Web Scraping Using an Automated Browser

Sometimes when we scrape the web, we need to automate our computer to open a web browser to gather information from each page. This is especially true when the site we want to scrape has content that is loaded dynamically with javascript.

We will solve this by installing Google Chrome and using a tool called Chromedriver. The former has to be installed manually, but the latter will be handled by a very handy Python package we have already installed (chromedriver-autoinstaller).

Installing this stuff is operating system specific, hence so are the instructions below.

Department Managed Laptops

Head over to the Sofware Center and install Google Chrome.

Mac Users

We need an up to date version of the web browser Google Chrome. We will install it via Homebrew. Enter the following into the terminal and hit Return:

brew install --cask google-chrome

Verify the install:

google-chrome --version

which should yield output similar to:

Google Chrome 103.0.5060.53

Linux Users

We need an up to date version of Google Chrome and some additional linux packages.
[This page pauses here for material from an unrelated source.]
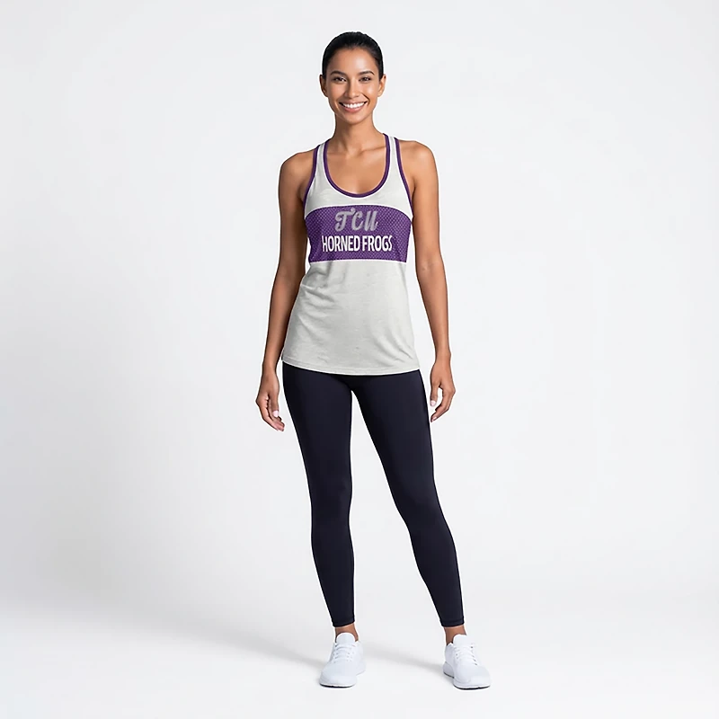 Whether you're tailgating or watching at home, enjoy the game in the Pressbox Women's TCU Tracy Slub Tank Top. This tank top offers a sleeveless design for a casual style and a team theme that helps highlight your fandom.

First add the additional linux packages by entering the following into the terminal:

sudo apt-get install libxss1 libappindicator1 libindicator7

Now let's download the latest stable version of Google Chrome using the terminal:

wget https://dl.google.com/linux/direct/google-chrome-stable_current_amd64.deb

And now install it:

sudo dpkg -i google-chrome*.deb
sudo apt-get install -f

Verify the install:

google-chrome --version

which should yield output similar to:

Google Chrome 103.0.5060.53

Windows Users

Everyone with admin right can install Google Chrome with:

winget install -e --id Google.Chrome

Verify the installation by opening Chrome.